TASK PROMPT: Copy the data precisely, character for character, and leave out every picture.

INFORMATION SUPPLIED:
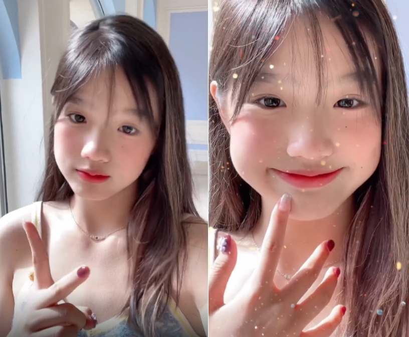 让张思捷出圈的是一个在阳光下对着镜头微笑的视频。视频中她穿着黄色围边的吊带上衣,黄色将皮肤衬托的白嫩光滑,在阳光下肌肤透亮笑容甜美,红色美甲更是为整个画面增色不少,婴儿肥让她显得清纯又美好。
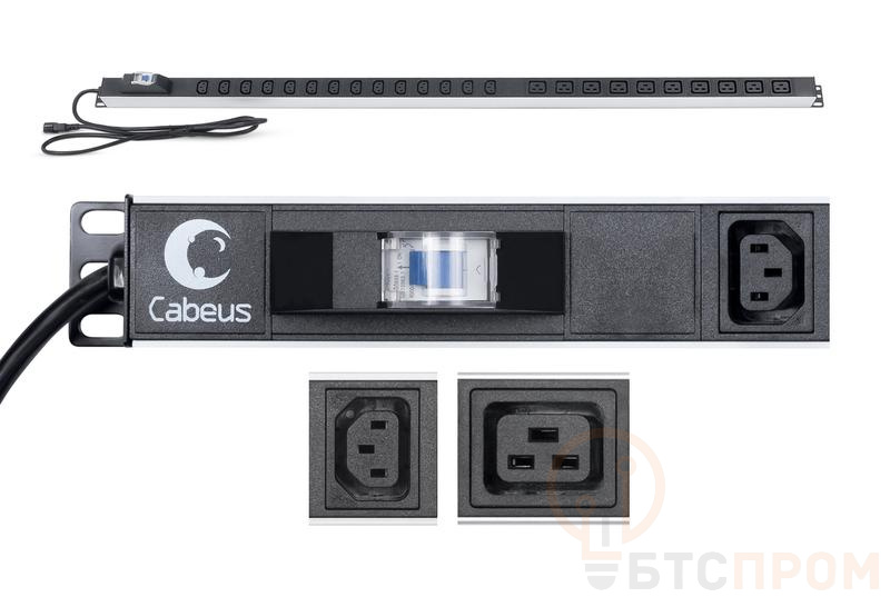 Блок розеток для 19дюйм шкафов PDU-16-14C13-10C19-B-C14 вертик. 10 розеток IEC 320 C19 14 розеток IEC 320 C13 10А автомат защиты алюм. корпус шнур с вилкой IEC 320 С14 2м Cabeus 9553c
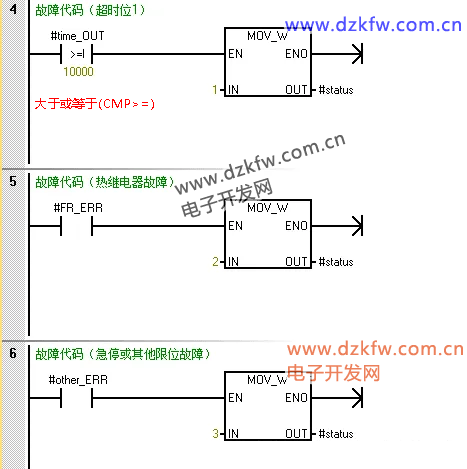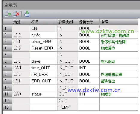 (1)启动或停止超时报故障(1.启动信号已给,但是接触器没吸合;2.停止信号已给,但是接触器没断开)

THE COMPLETED TASK:
 让张思捷出圈的是一个在阳光下对着镜头微笑的视频。视频中她穿着黄色围边的吊带上衣,黄色将皮肤衬托的白嫩光滑,在阳光下肌肤透亮笑容甜美,红色美甲更是为整个画面增色不少,婴儿肥让她显得清纯又美好。
 Блок розеток для 19дюйм шкафов PDU-16-14C13-10C19-B-C14 вертик. 10 розеток IEC 320 C19 14 розеток IEC 320 C13 10А автомат защиты алюм. корпус шнур с вилкой IEC 320 С14 2м Cabeus 9553c
 (1)启动或停止超时报故障(1.启动信号已给,但是接触器没吸合;2.停止信号已给,但是接触器没断开)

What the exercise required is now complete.